His undergraduate degree in veterinary is from Bogor Agricultural University (IPB), while his master's degree in international relations is obtained from the Postgraduate Program of International Relations of Jayabaya University Jakarta, with a thesis entitled Pragmatism of Israeli Foreign Policy. He holds a doctorate from the Institute of Islamic Thought and Civilization-International Islamic University Malaysia (ISTAC-IIUM) in the field of Islamic thought and civilization.

==Scholastic career==
He worked as a researcher at the Indonesian Society for Middle East Studies (ISMES) Jakarta and the Institute for the Study of Islamic Thought & Civilizations (INSIST), and staff at the Center for Middle Eastern and Islamic Studies University of Indonesia (PKTTI-UI) Jakarta.

He has also been a journalist for Jakarta Daily News Buana, Republika Jakarta Daily, and a news analyst at Radio Muslim FM Jakarta, as well as a lecturer of Journalism and Islamic thought at the Ibnu Khaldun University of Bogor and Pesantren Tinggi (Ma'had 'Aly) Husnayain Jakarta.
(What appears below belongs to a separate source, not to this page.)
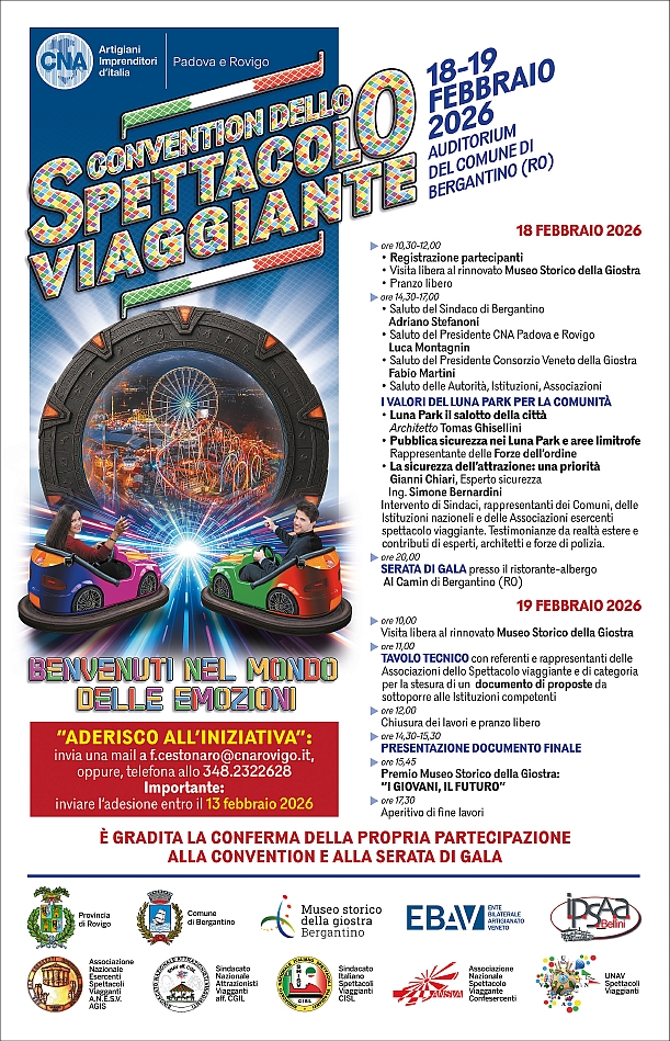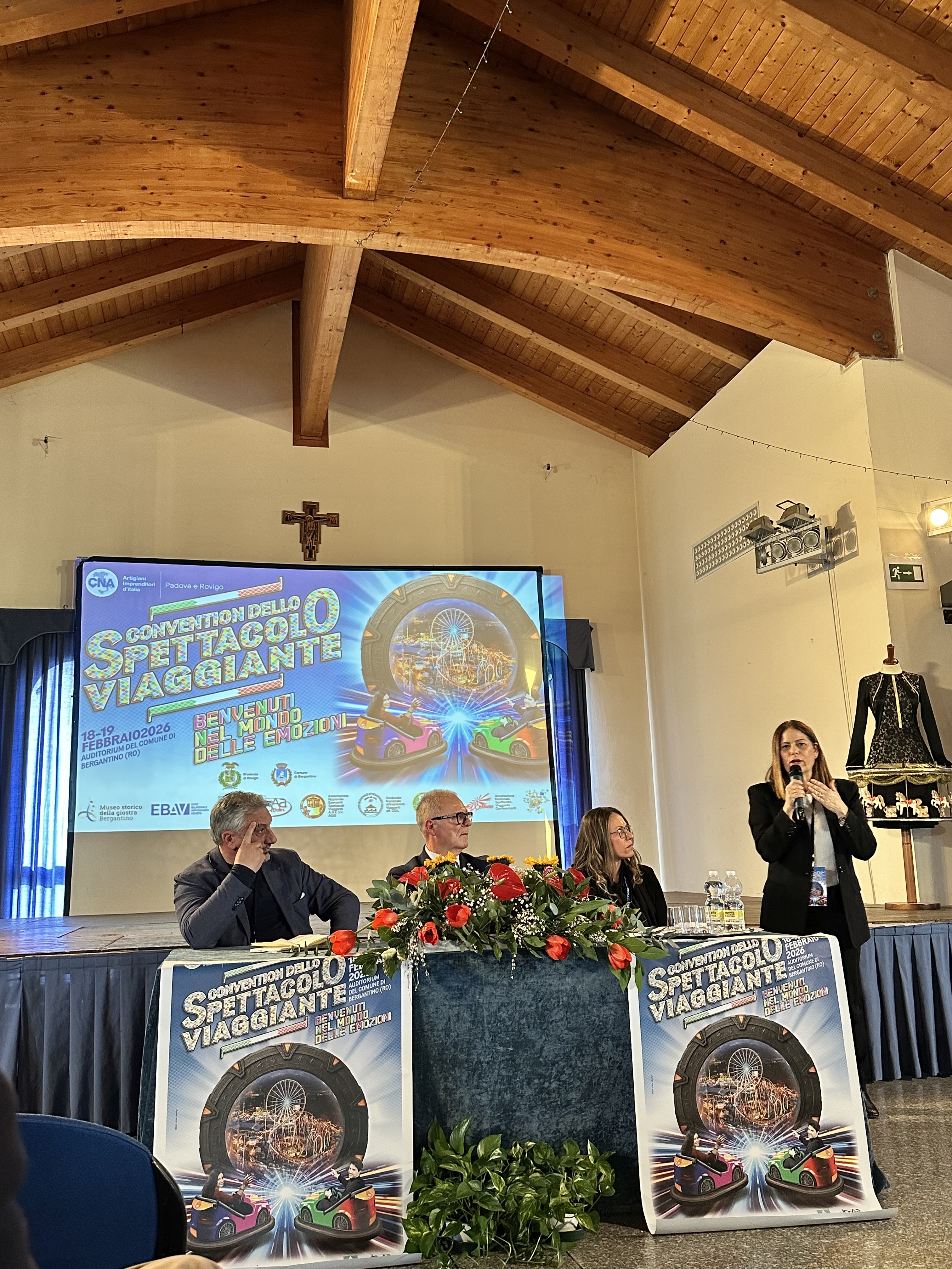 Anche il Comune di Ferrara, con l'assessore Angela Travagli, ha voluto prendere parte alla 'Convention nazionale sullo Spettacolo Viaggiante', iniziata oggi (18 febbraio 2026) a Bergantino (Rovigo), come occasione di confronto tra Istituzioni, Regioni e Comuni sul futuro del comparto dell'Amusement e del Luna Park in Italia.

He writes many books, with most of his works being the criticism against the perceived rise of the liberal Islamic movement, especially in Indonesia. His book Pluralisme Agama: Haram (Religious Pluralism: Haram) challenged the liberal and progressive criticisms of the 2005 fatwa by the Indonesian Ulema Council targeting religious pluralism. In his writings, he considers religious pluralism as an ideology that considers all religions to be true, thus undermining the legitimacy of Islam. His book Christian-Western Hegemony in Islamic Studies in Higher Education was voted the 2nd best book of the Islamic Book Fair of 2007. At the same forum a year earlier, his book entitled The Face of Western Civilization: From Christian Hegemony to Secular-Liberal Dominance became the best non-fiction book.